The concern and sincerity in the man’s voice caught Amanda off guard. Her mind flashed back to a few days ago when the two soldiers had come to her mother’s house to inform her about her father’s death. The major had openly wept. She was getting a sense of her father’s gravitas outside of her mother’s orbit.

“Yes. I was notified about a week ago. He wanted me to come here to his house. Our house. It’s in his will. Jake drove me.”

The two officers exchanged a pained glance.

* * *

Jake’s cuffs had been removed, and the four of them had gone back into the house. They sat in the family room on the sofa and two leather chairs.

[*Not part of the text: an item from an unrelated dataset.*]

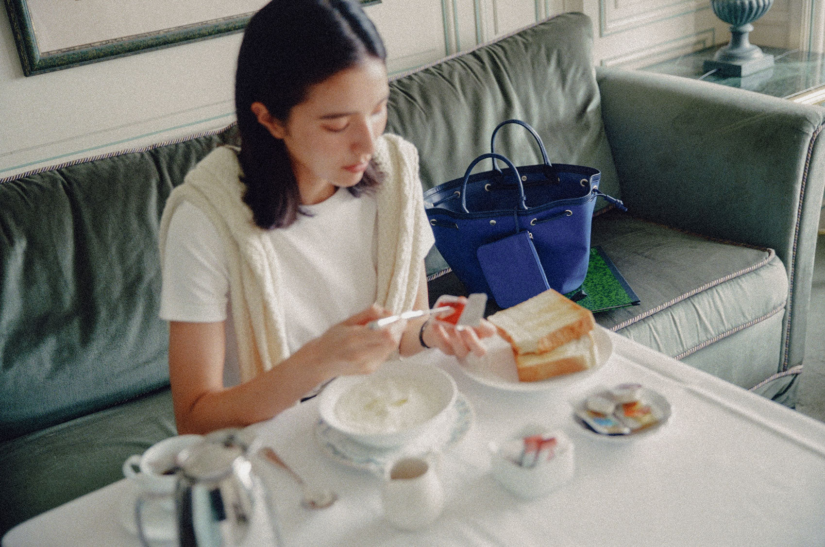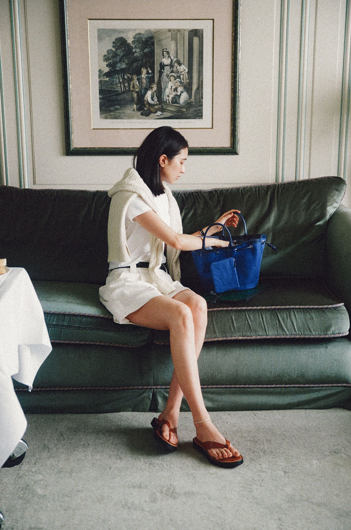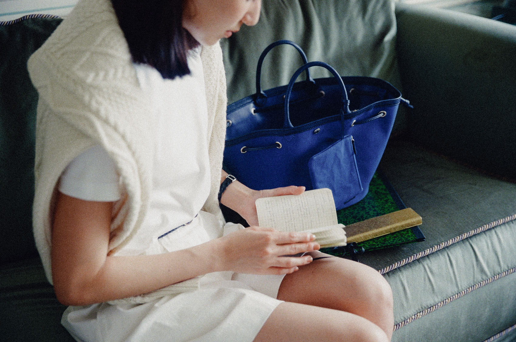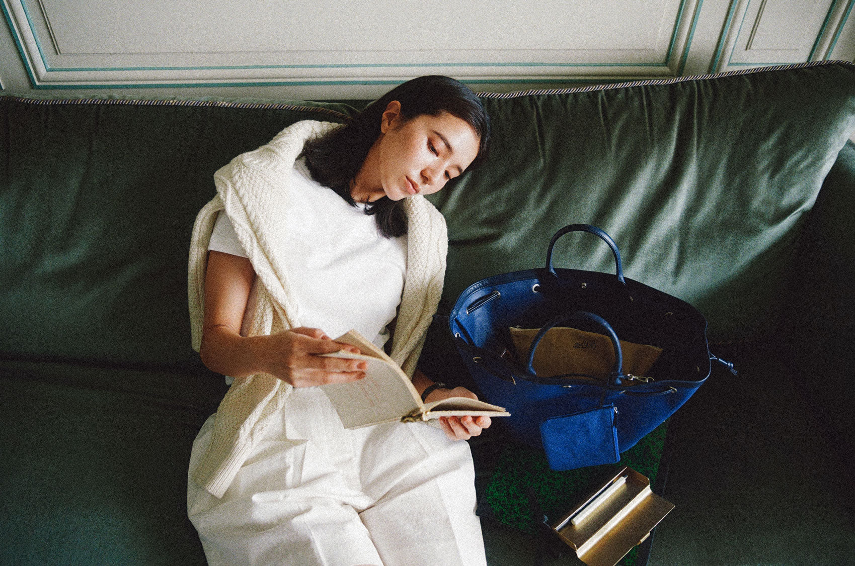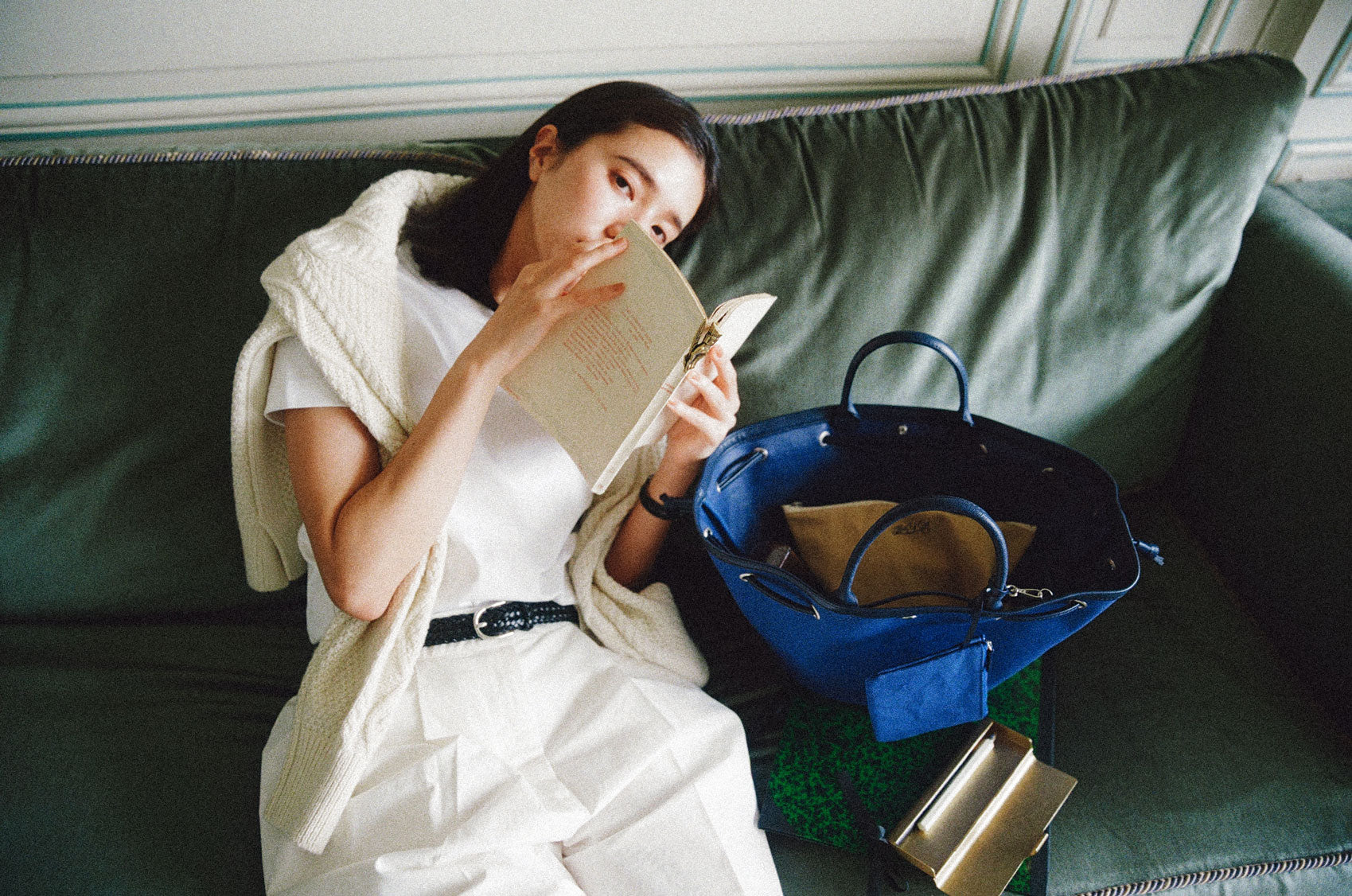 This shopper bag is crafted by combining soft sheepskin with cotton canvas material. Named "COQUILLE," which means "shell" in French, it embodies the feature of a bag that can be freely shaped using the leather string at the top. When carrying many belongings, you can spread it wide to form the shape of a shopper bag, or you can tighten the string to use it as a bucket bag. There's a snap in the center with the logo embossed, allowing for secure closure. Additionally, it comes with a detachable pouch, making it convenient to store small essentials that are frequently needed. The soft and round strap provides a comfortable grip even when the bag is filled with many items, while the sturdy sheepskin bottom provides stability to the bag.

“What is NCBI?” asked Amanda.

“North Carolina Bureau of Investigation. Sort of like the FBI, but for the state,” Agent Rogers said. He was the tall, blond one. The other had introduced himself as Agent Landers.

“How do you know my father?”

Landers spoke up first. “I was in Special Operations with him a while back, but everyone around Fort Bragg knows your dad… excuse me, knew him, anyway.”

“When is his funeral, if I may ask?” This from Rogers.

“They haven’t told me yet.”

Landers paused a second, seemed uncomfortable, and then began speaking. “Why would your mother report you as kidnapped, if you weren’t?”

Amanda hesitated, looked at Jake a moment, then back at Landers. “I don’t exactly know. Maybe she really thought I was.”

The two agents gave her a discerning look. She could tell that they knew she was hedging, protecting her mother from a counterclaim by the government of filing a false charge. It was second nature to her to defend her mother. Hell, it was her responsibility.

“We understand.”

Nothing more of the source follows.